Beginners’ Mistakes to Avoid
In order to succeed, one must first fail a couple of times. It’s a steep learning curve. However, let’s limit the failures by avoiding these typical rookie mistakes.
- Playing too many hands - While it is true that the more you play, the better you get, that does not necessarily imply you should play every single hand till the very end. Not only are you going to lose money, but you won’t be able to learn much from such experience either. You should analyze the players and the cards more and be less impatient about getting to the end. Success in poker isn’t valued by who plays more hands, is it?
- Lose the fear - While it’s not possible to feel positive and optimistic all the time, being too afraid to make a mistake isn’t good either. Too much fear can lead to quitting even though you have a good hand. Also, do not let someone’s confidence and constant raising get to you. Betting aggressively does not mean that person must have a great hand, but actually, it can be quite the opposite. You will never know for sure, and that is perfectly OK.
- Extreme betting - By this we are trying to say that beginners often go into the extremes both ways. They either raise the bet too much, or they raise it too little. Try not to reveal yourself in this way. It’s only too easy.

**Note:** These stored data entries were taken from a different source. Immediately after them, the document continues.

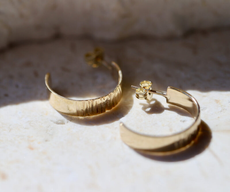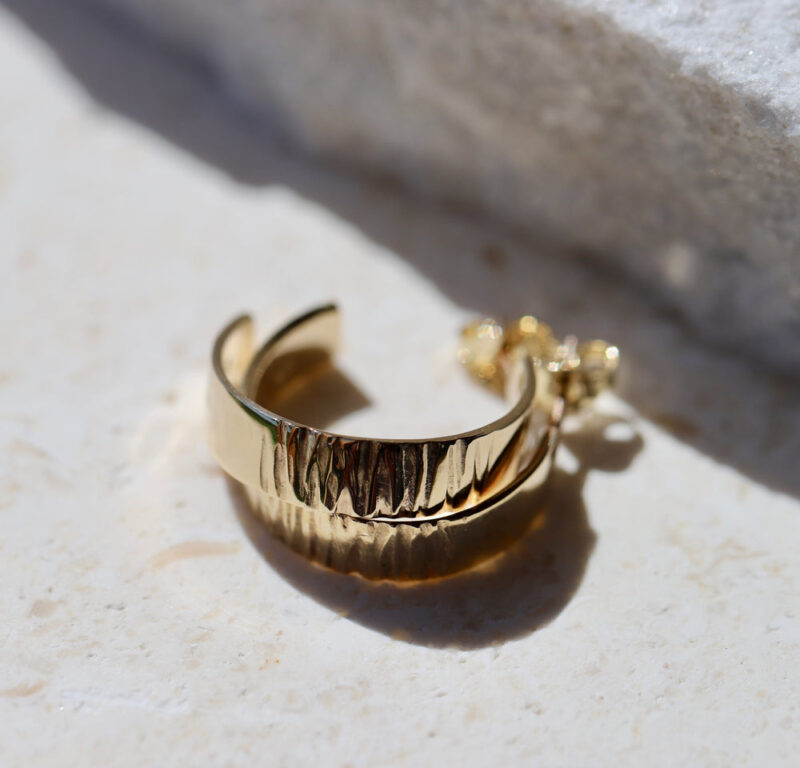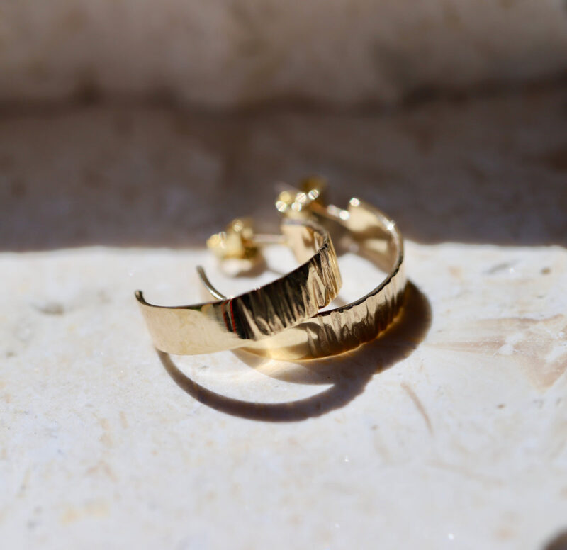 Subtle yet striking, the Ripples hoop earrings are your perfect everyday companions. Measuring approximately 19mm in diameter and 5mm wide, these open-back hoops feature a softly filed ripple detail through the centre—an ode to the ocean’s surface, ever shifting and serene.
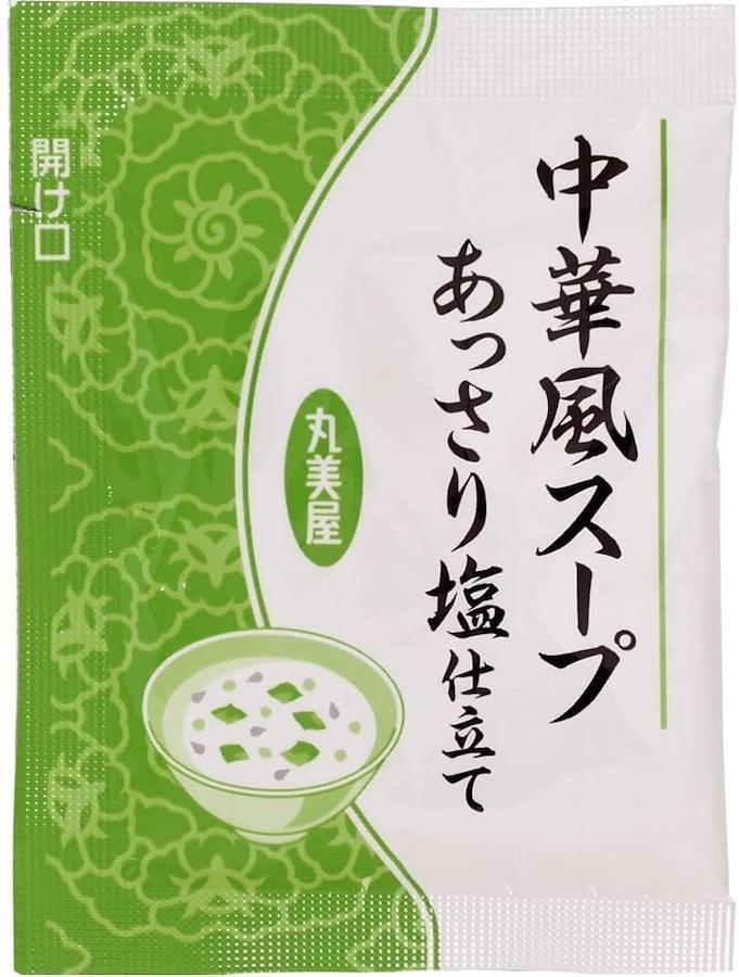 中華風スープ あっさり塩仕立て 2.5g 原材料:食塩、乳糖、砂糖、鰯粉、エキス(ちりめん、魚介、酵母)、鰹節粉、澱粉、胡麻油、鯵粉、大豆加工品、海藻カルシウム、醤油、うきみ・具(胡麻、わかめ、鶏卵)、調味料(アミノ酸等)、着色料(カラメル、カロチノイド)、グリセリン、酸化防止剤(ビタミンE)、(原材料の一部に小麦、鶏肉を含む)
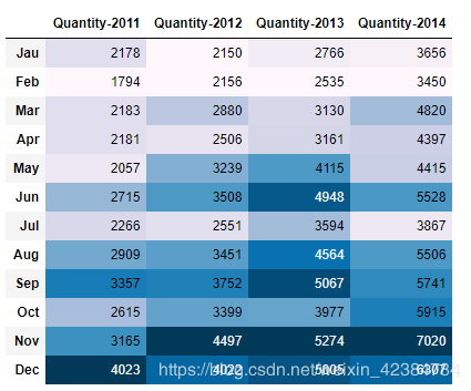 从以上结果可以发现活跃客户、新客户和回归客户,每年呈一定的规律起伏,这可能和年终年末大促有关,需要更多数据进行佐证;同时可以发现新客数量每年均在减少,说明该商家新客获取率较低,如果能在新客户获取上取得突破,会给商家带来很大的增长空间。
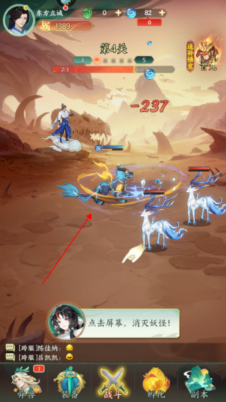 2、当成功击败敌人获取灵气时,点击异兽
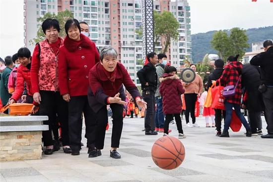 一旁的“游園聚福”游戲區則是最受孩子們歡迎的區域。釣魚、套圈、投籃、飛鏢、盲人敲鑼、保齡球,豐富的游戲將現場活動推向高潮,老人小孩圍成圈,歡聲笑語不斷。
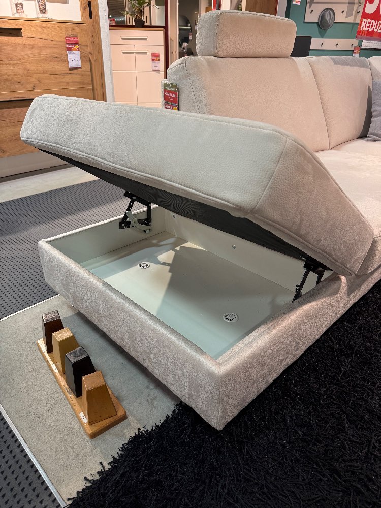 inkl. Kopfstützen, Querschläfer und anstellhocker aufklappbar, SH: 45 cm, Stellmaß: ca. 235 x 309 x 167 cm
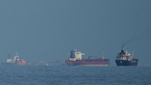 ▲ 호르무즈 해협 근처에서 대기하는 유조선과 화물선
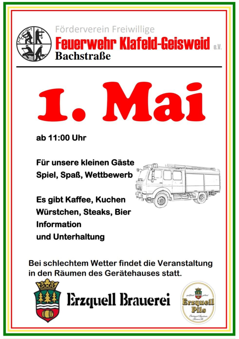 Werbeplakat 1. Mai Feier Förderverein Freiwillige Feuerwehr Klafeld-Geisweid e.V. © Förderverein Freiwillige Feuerwehr Klafeld-Geisweid e.V.
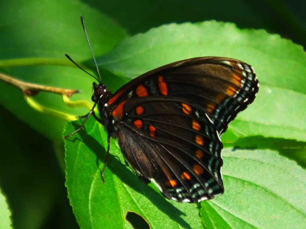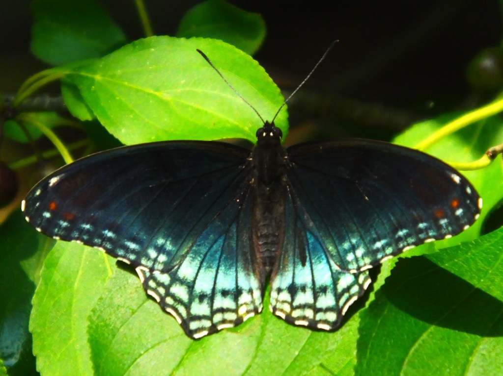 I finally found a red-spotted purple (Limenitis arthemis astyanax) that was willing to work with me and show off both its underside red spots and its topside purple patches.
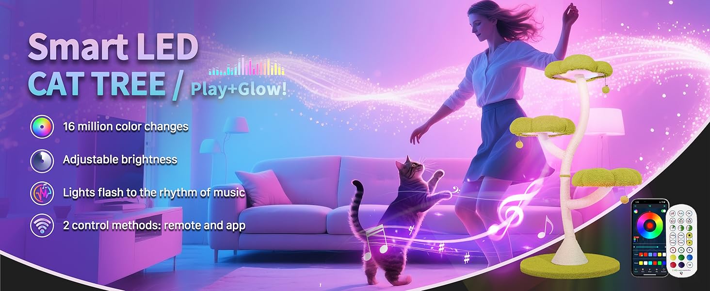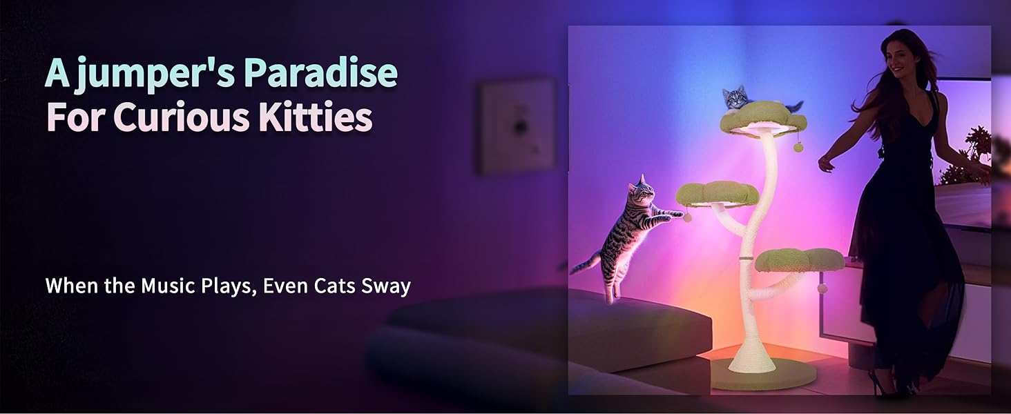 LED Lighting: Each petal base is encircled by a ring of LED light strips. The strips support 16 million color variations, adjustable brightness, and can flash in sync with music rhythms, allowing you to dance with your beloved pet. Light intensity can change in response to sound;

- Playing out of position - Playing poker isn’t just about the cards of good luck. Your position changes with every hand, and if you’re a good player, you’ll always play in accordance with it. For instance, if you are last in a hand, that gives you great perspective because you will have seen everyone’s decisions before yours. Beginners usually haven’t got the slightest idea about what to do and start playing randomly, without any special plan.
- Too much bluff - If a player is bluffing more than is expected, you know he is a complete beginner. Bluffing is very much popularized in movies, so it seems that only the best and most experienced players have the “courage” to bluff, but the reality is quite the opposite.
- Overvaluing marginal hands - Sometimes, your hand may look great at first sight, but once you take a closer look, it’s not that valuable or it can be easily beaten by the others because that combination is quite common. However, once you gain experience, everything will go smoothly.
By the way, knowing these typical beginners’ mistakes can also help you in playing. Once you know them, you will be able to recognize them and clearly separate an inexperienced player from a good one, despite the fact that you aren’t able to see them in online poker.